(RECORD EXTRACTS begins)

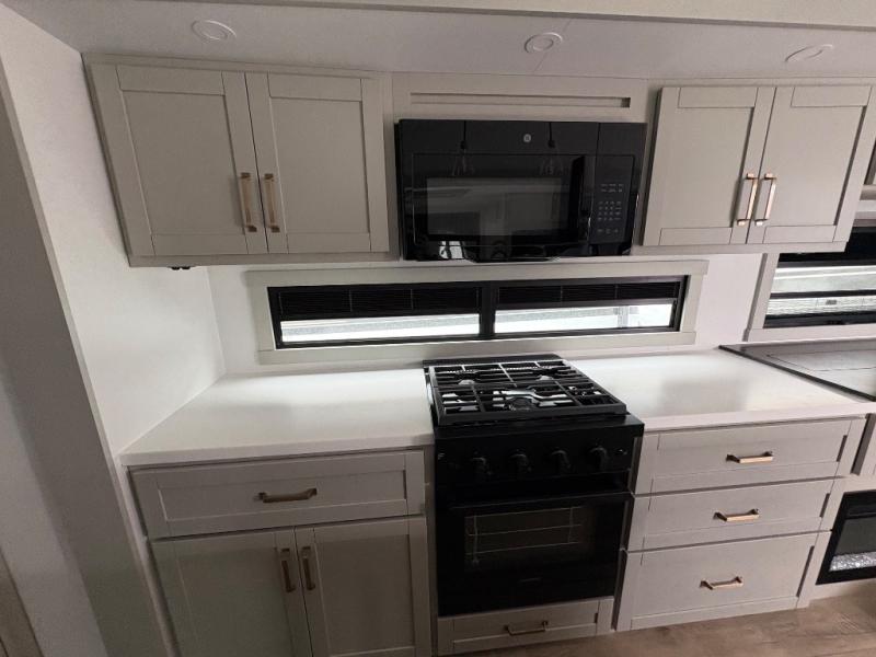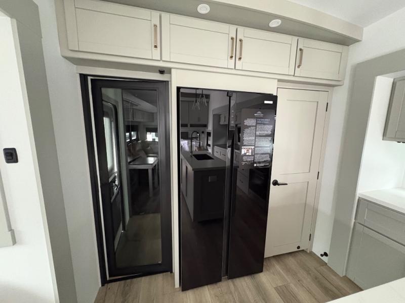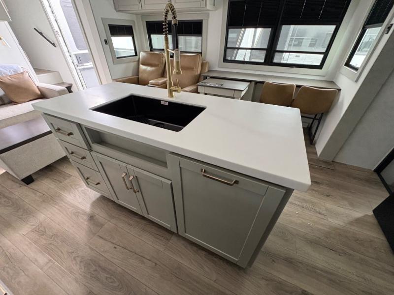 You're going to love every minute spent in this triple slide out fifth wheel! Once you arrive at the campground, you can put out the two side awnings, set up the rear patio and awning, then make lunch on the outdoor kitchen! There is also an outdoor TV here, a bar sink, and a refrigerator to keep drinks close by! Inside, the chef will find everything they need if the weather isn't cooperating, including a 30" residential microwave, 16 cu. ft. refrigerator, plus a large kitchen island, complete with dual trash bins and dog bowls at the foot. Your crew can get cozy on the tri-fold sofa that extends to a 54" x 70" bed for guests, and there is theater seating across from the televator and fireplace for easy viewing! You will find the front private bedroom ultra accommodating with its king bed slide out, sliding dresser top with hidden storage, your own TV, and a front wardrobe with shelves and a shoe rack. There is even washer and dryer prep if you want the option to make laundry day that much easier!
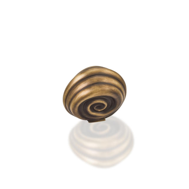 1-3/8" Overall Length Zinc Die Cast Palm Leaf Cabinet Knob. Packaged with one 8/32" x 1-1/8" screw. U.S. Patent D558,139
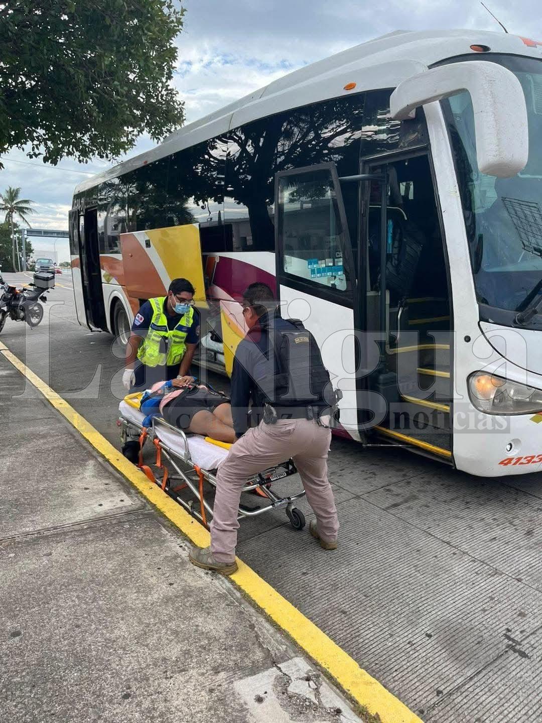 Elementos de atención médica interceptaron el autobús cerca de la plaza El Dorado, en Boca del Río, donde paramédicos brindaron valoración a la joven madre y a su hija recién nacida.
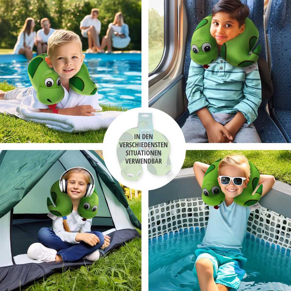 Portable Travel Neck Pillow U-Shape Memory Foam Filled Soft Cotton with Logo Print Comic Animal Snake Design for Car Use
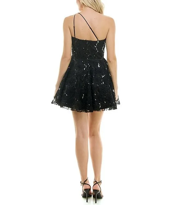 One Shoulder Sequin Fit-And-Flare Mini Dress
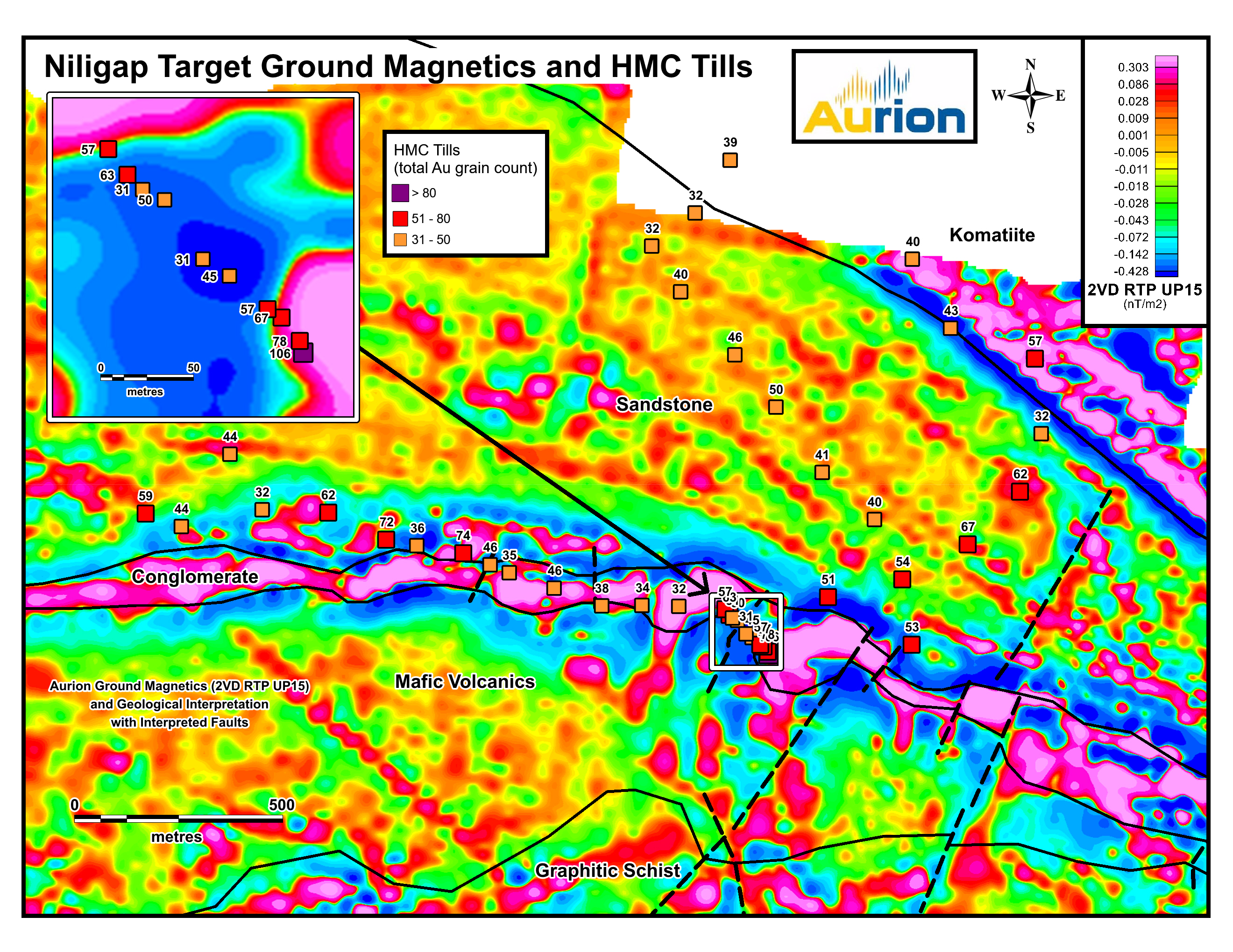 In 2019, Aurion completed a BoT and HMC sampling program using an excavator to dig test pits on 10-200 m spacings. Forty-one (41) samples were collected primarily to test a 2.5 km section of an east-west trending magnetic high between Aamurusko Main and Notches as well as provide information on the glacial drift stratigraphy. The highest gold counts were along the magnetic high, which may represent a volcanic conglomerate unit, proximal to the unconformable contact between the older Sodankylä Group volcanics and the younger Kumpu Group sedimentary rocks. Indicator mineral sample size was 5 litres (about 10 kg) and samples were preconcentrated with a Knelson Concentrator and panned for microscope grain counting. The recovered gold grains, which are up to 0.6 mm in size, are mostly pristine, indicating short transport distances. Grain counts were from 31 to 106 grains, which are all above the 95th percentile (27 grains) of historic regional heavy mineral sampling by Outokumpu (former state mining company) in the Central Lapland Greenstone Belt. These results highlight the gold anomalous nature of the Niligap zone and provide additional evidence of a potential gold bearing structure present between Aamurusko and Notches.
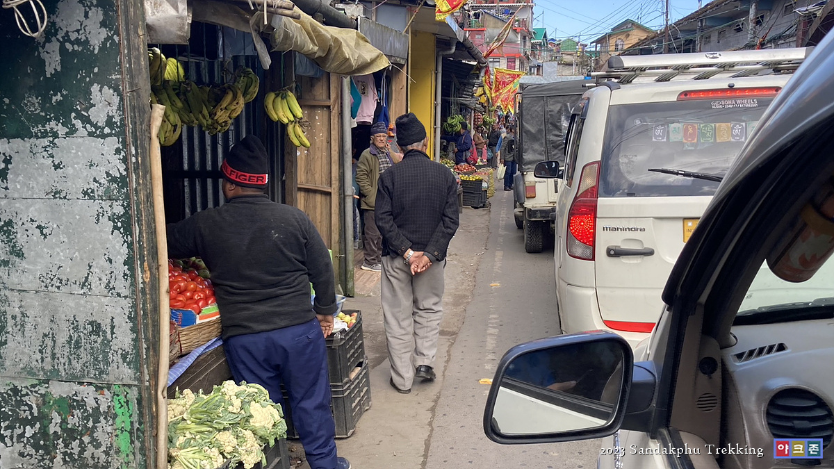 마네반장부터 지나 수키아 포크리(Sukhia Pokhri)에 들어서자 차량 정체가 심했다. 양쪽으로 가게가 있는 시장통 좁은 길이다. 마을은 복잡하지만 조금 떨어진 언덕으로 가면 캉첸중가 산군을 감상할 수 있는 멋진 전망대가 있다고 한다.
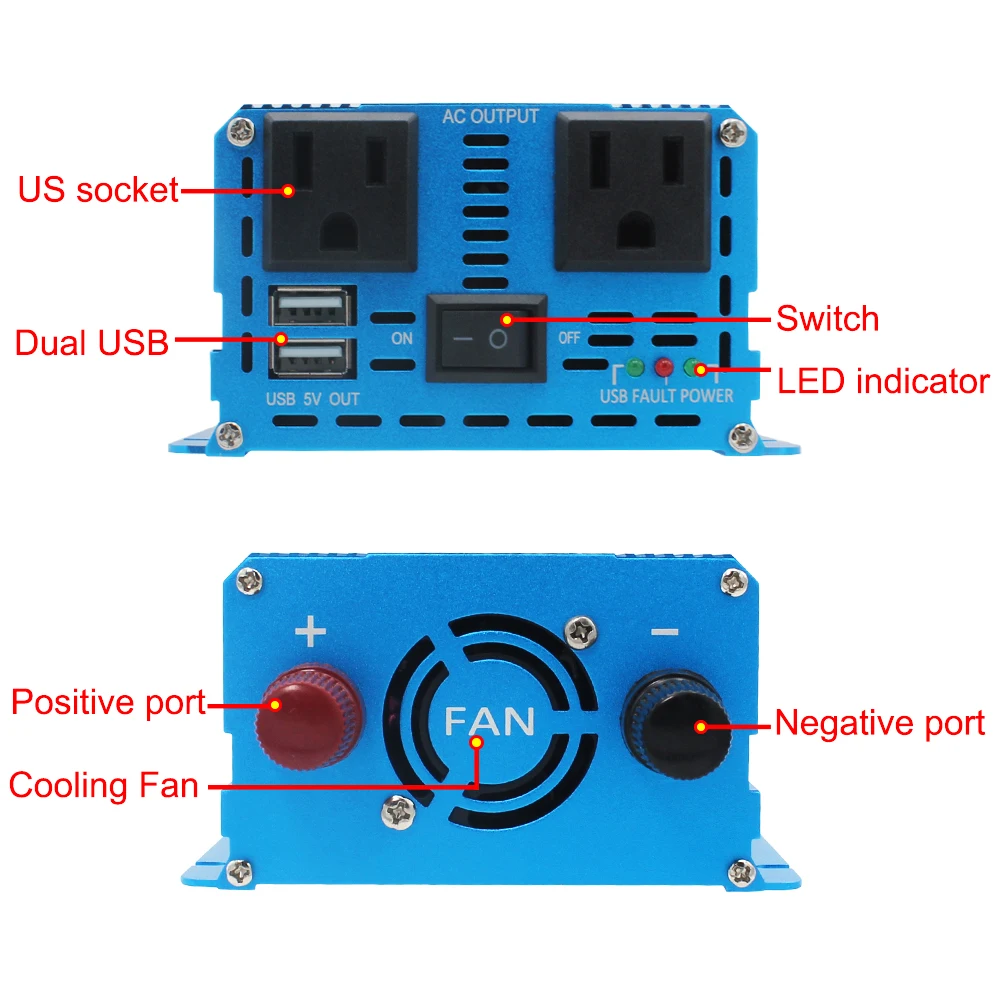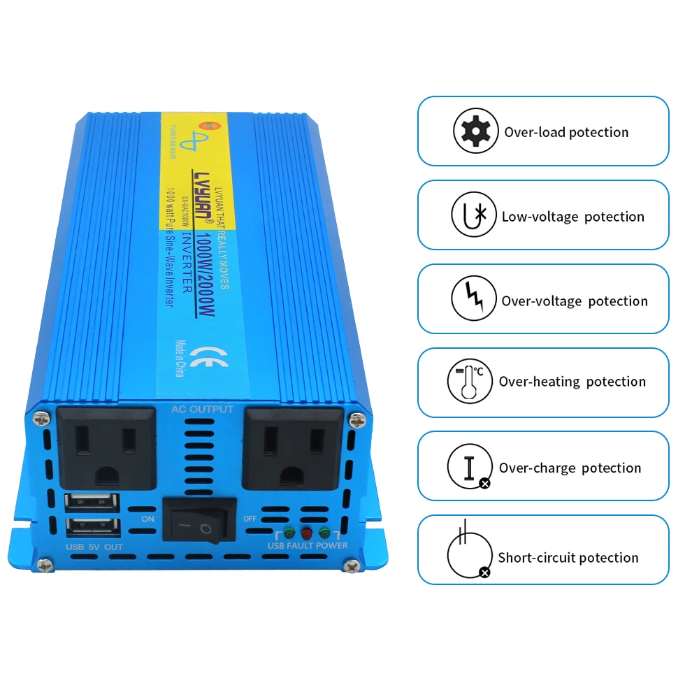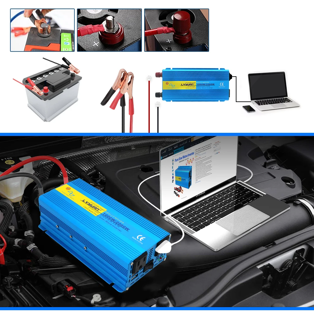 Автомобильный инвертор, немодулированный синусоидальный сигнал, 2000 Вт, 12 В постоянного тока в 110 В переменного тока, адаптер для зарядки, солнечный трансформатор, Преобразователь мощности, 2 USB-выхода
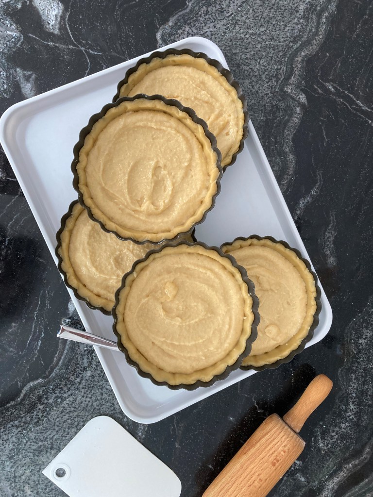 Die trockenen Zutaten mit der kalten Butter „abbröseln“ (mit den Fingern verreiben), dann das Eigelb und das Wasser rasch unterkneten. Sobald der Teig glatt ist, diesen in 5 gleich große Stücke teilen. Jedes Teigstück kreisrund (und etwas größer als die Form) ausrollen. Dieses dann in die Formen legen und an den Rändern jeweils hochziehen. Die Formen für ca. 30 Minuten in den Kühlschrank stellen.
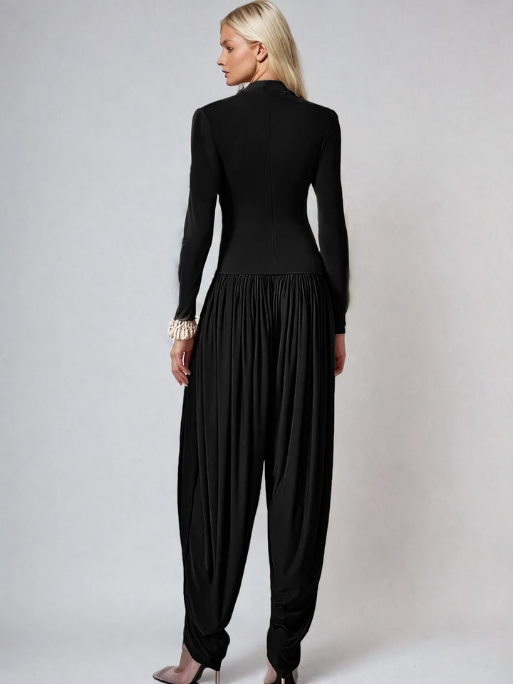 Discover bold sophistication with the Laurien Long Sleeve Ruched Jumpsuit. Its flattering ruched detailing enhances your silhouette, while the long sleeves add a touch of elegance and coverage. Designed for both comfort and style, this jumpsuit is perfect for making a confident statement at any event or night out. Step into versatile glamour that effortlessly elevates your look.
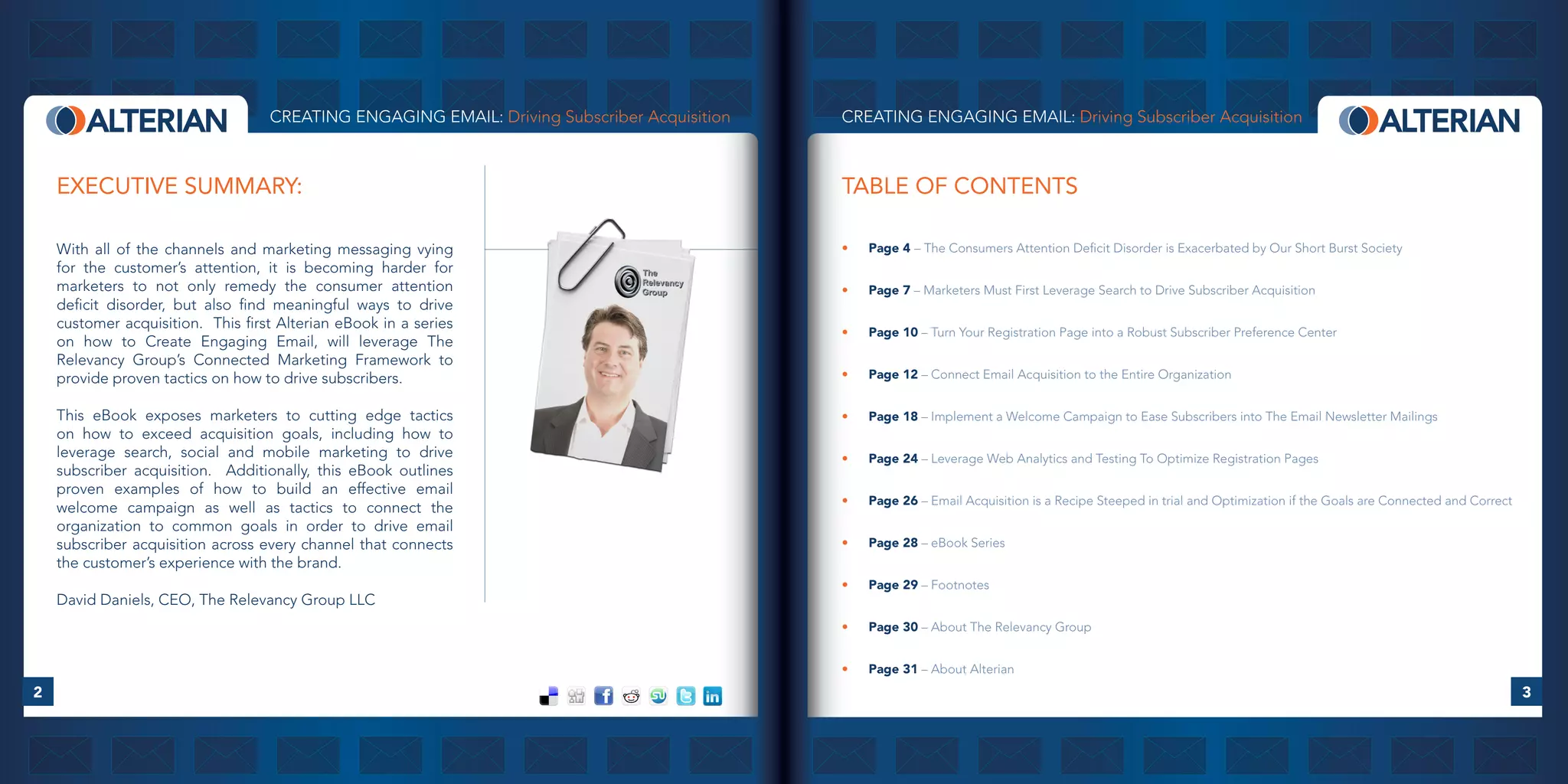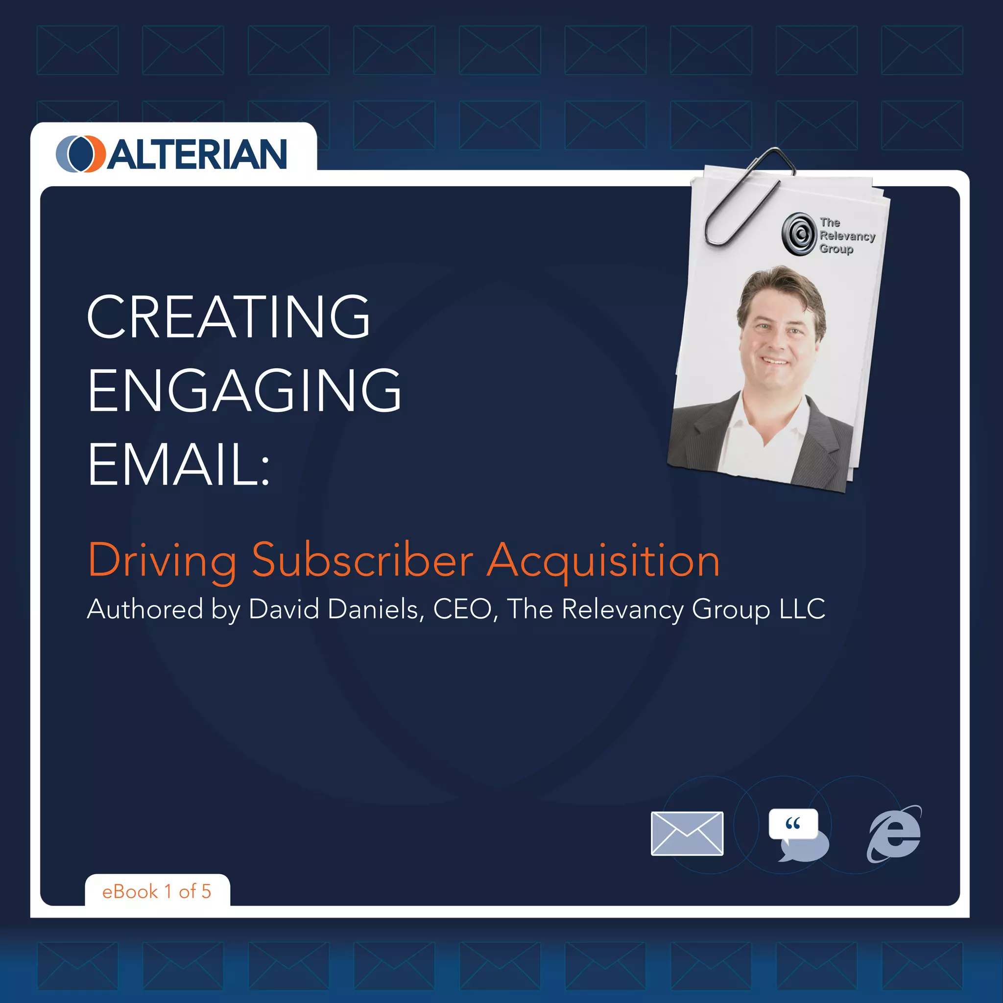 The document is an ebook titled 'Creating Engaging Email: Driving Subscriber Acquisition' by David Daniels, which provides marketers with strategies to capture consumer attention in a fragmented media landscape. It outlines tactics for leveraging various channels like search, social, and mobile marketing to enhance email subscriber acquisition, emphasizing the importance of relevant and engaging content. The ebook also introduces the concept of a welcome campaign and integrated marketing efforts to build a successful subscriber base across all organization channels.

(RECORD EXTRACTS ends)

__EXERCISE DESCRIPTION__
Could the material above be written out again word for word, with the pictures dropped?

__OUTPUT OF THE EXERCISE__
 You're going to love every minute spent in this triple slide out fifth wheel! Once you arrive at the campground, you can put out the two side awnings, set up the rear patio and awning, then make lunch on the outdoor kitchen! There is also an outdoor TV here, a bar sink, and a refrigerator to keep drinks close by! Inside, the chef will find everything they need if the weather isn't cooperating, including a 30" residential microwave, 16 cu. ft. refrigerator, plus a large kitchen island, complete with dual trash bins and dog bowls at the foot. Your crew can get cozy on the tri-fold sofa that extends to a 54" x 70" bed for guests, and there is theater seating across from the televator and fireplace for easy viewing! You will find the front private bedroom ultra accommodating with its king bed slide out, sliding dresser top with hidden storage, your own TV, and a front wardrobe with shelves and a shoe rack. There is even washer and dryer prep if you want the option to make laundry day that much easier!
 1-3/8" Overall Length Zinc Die Cast Palm Leaf Cabinet Knob. Packaged with one 8/32" x 1-1/8" screw. U.S. Patent D558,139
 Elementos de atención médica interceptaron el autobús cerca de la plaza El Dorado, en Boca del Río, donde paramédicos brindaron valoración a la joven madre y a su hija recién nacida.
 Portable Travel Neck Pillow U-Shape Memory Foam Filled Soft Cotton with Logo Print Comic Animal Snake Design for Car Use
 One Shoulder Sequin Fit-And-Flare Mini Dress
 In 2019, Aurion completed a BoT and HMC sampling program using an excavator to dig test pits on 10-200 m spacings. Forty-one (41) samples were collected primarily to test a 2.5 km section of an east-west trending magnetic high between Aamurusko Main and Notches as well as provide information on the glacial drift stratigraphy. The highest gold counts were along the magnetic high, which may represent a volcanic conglomerate unit, proximal to the unconformable contact between the older Sodankylä Group volcanics and the younger Kumpu Group sedimentary rocks. Indicator mineral sample size was 5 litres (about 10 kg) and samples were preconcentrated with a Knelson Concentrator and panned for microscope grain counting. The recovered gold grains, which are up to 0.6 mm in size, are mostly pristine, indicating short transport distances. Grain counts were from 31 to 106 grains, which are all above the 95th percentile (27 grains) of historic regional heavy mineral sampling by Outokumpu (former state mining company) in the Central Lapland Greenstone Belt. These results highlight the gold anomalous nature of the Niligap zone and provide additional evidence of a potential gold bearing structure present between Aamurusko and Notches.
 마네반장부터 지나 수키아 포크리(Sukhia Pokhri)에 들어서자 차량 정체가 심했다. 양쪽으로 가게가 있는 시장통 좁은 길이다. 마을은 복잡하지만 조금 떨어진 언덕으로 가면 캉첸중가 산군을 감상할 수 있는 멋진 전망대가 있다고 한다.
 Автомобильный инвертор, немодулированный синусоидальный сигнал, 2000 Вт, 12 В постоянного тока в 110 В переменного тока, адаптер для зарядки, солнечный трансформатор, Преобразователь мощности, 2 USB-выхода
 Die trockenen Zutaten mit der kalten Butter „abbröseln“ (mit den Fingern verreiben), dann das Eigelb und das Wasser rasch unterkneten. Sobald der Teig glatt ist, diesen in 5 gleich große Stücke teilen. Jedes Teigstück kreisrund (und etwas größer als die Form) ausrollen. Dieses dann in die Formen legen und an den Rändern jeweils hochziehen. Die Formen für ca. 30 Minuten in den Kühlschrank stellen.
 Discover bold sophistication with the Laurien Long Sleeve Ruched Jumpsuit. Its flattering ruched detailing enhances your silhouette, while the long sleeves add a touch of elegance and coverage. Designed for both comfort and style, this jumpsuit is perfect for making a confident statement at any event or night out. Step into versatile glamour that effortlessly elevates your look.
 The document is an ebook titled 'Creating Engaging Email: Driving Subscriber Acquisition' by David Daniels, which provides marketers with strategies to capture consumer attention in a fragmented media landscape. It outlines tactics for leveraging various channels like search, social, and mobile marketing to enhance email subscriber acquisition, emphasizing the importance of relevant and engaging content. The ebook also introduces the concept of a welcome campaign and integrated marketing efforts to build a successful subscriber base across all organization channels.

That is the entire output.